El amor quiere todo el tiempo; quiere la ancha, la profunda eternidad. Como dijo Carlos Fuentes en un libro de marcados tonos autobiográficos, «el amor sólo se concibe a sí mismo sin límites» (En esto creo).

Imaginemos lo que pasaría con el joven que dijera secretamente al oído de su amada: «Te querré diez años». Tratemos de adivinar la reacción que semejantes palabras suscitarían en el semblante de la joven: acaso la sonrisa se le congelaría en el rostro; tal vez crisparía las manos en señal de enojo o de combate, o incluso, si es audaz, hasta daría un empellón al autor de semejante disparate. «Te querré diez años». ¿Por qué diez años y no veinte?, ¿por qué diez años y no mejor uno o ninguno? «Si sólo me querrás diez años, lo mejor es que no me quieras», le diría la pobre mujer al borde de las lágrimas. O quizá también: «Si has fijado de antemano un plazo a tu amor es que en realidad no me quieres».

El amor no se conforma, no se resigna. Lo quiere todo, y dice para sí lo que aquella mujer de Esos cielos, la novela de Bernardo Atxaga, cuando salió de la prisión en la que había estado recluida durante tres años, once meses y veintisiete días: «Es preferible la soledad a las relaciones mediocres». El amor es así: si no obtiene todo, prefiere, orgullosamente, no quedarse con nada.

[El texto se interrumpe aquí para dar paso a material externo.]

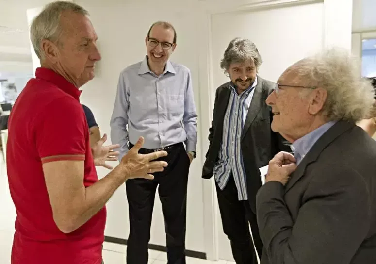 Johan Cruyff i Eduard Punset es van trobar a la redacció del Diari ARA amb en Carles Capdevila i Antoni Bassas.

En una carta dirigida a Regina Olsen, su novia, Sören Kierkegaard (1813-1855), el filósofo danés, escribió un día estas palabras verdaderas: «El hombre que está enamorado desea estarlo siempre: su inquietud, su aspiración, su ardiente deseo hacen que él anhele a cada instante lo que él es en ese mismo instante». Lo diremos con nuestras pobres palabras: el que ama a un ser ni siquiera piensa que pudiera alguna vez dejar de amarlo, y si por ventura contara de antemano con tal posibilidad es que su amor no es aún definitivo ni total.

Cuando escucho hablar a dos jóvenes que piensan casarse y descubro que entrevén, aunque sólo sea remotamente, la posibilidad de divorciarse algún día, me atrevo a rogarles encarecidamente que mejor no lo hagan: ¿para qué, si en realidad no se aman?

El enamorado no puede concebir un mundo en el que la persona amada no exista o esté ausente, ni tampoco puede concebirse a sí mismo sino en cuanto enamorado de este ser. Tal es el motivo por el que decir: «Te querré diez años» es lo mismo que decirle: «No te quiero».       Una vez, una pareja a punto de contraer matrimonio discutía conmigo hace algunos meses acerca de las palabras que tendrían que pronunciar el día de la ceremonia religiosa, que les parecían anacrónicas.

-Eso de toda la vida –me decía él- es irreal, es pretencioso. Hace dos mil años, cuando la media de vida de las gentes era de treinta, decir esto estaba bien: sí, toda la vida, porque ésta era muy corta. Pero ahora, que vivimos más que entonces, prometemos, al decir esto, demasiado.

-La expresión todos los días de mi vida –me decía ella- debería ser cambiada por esta otra: Hasta que el amor nos dure, lo cual es mucho más realista y sensato.

-Bueno –dije yo, a mi vez-, en vista de que tales son sus pens amientos, ¿para qué se casan? Podrían perfectamente vivir juntos sin hacerse promesas de ningún tipo. ¿Para qué van a jurarse públicamente un amor del que en el fondo desconfían?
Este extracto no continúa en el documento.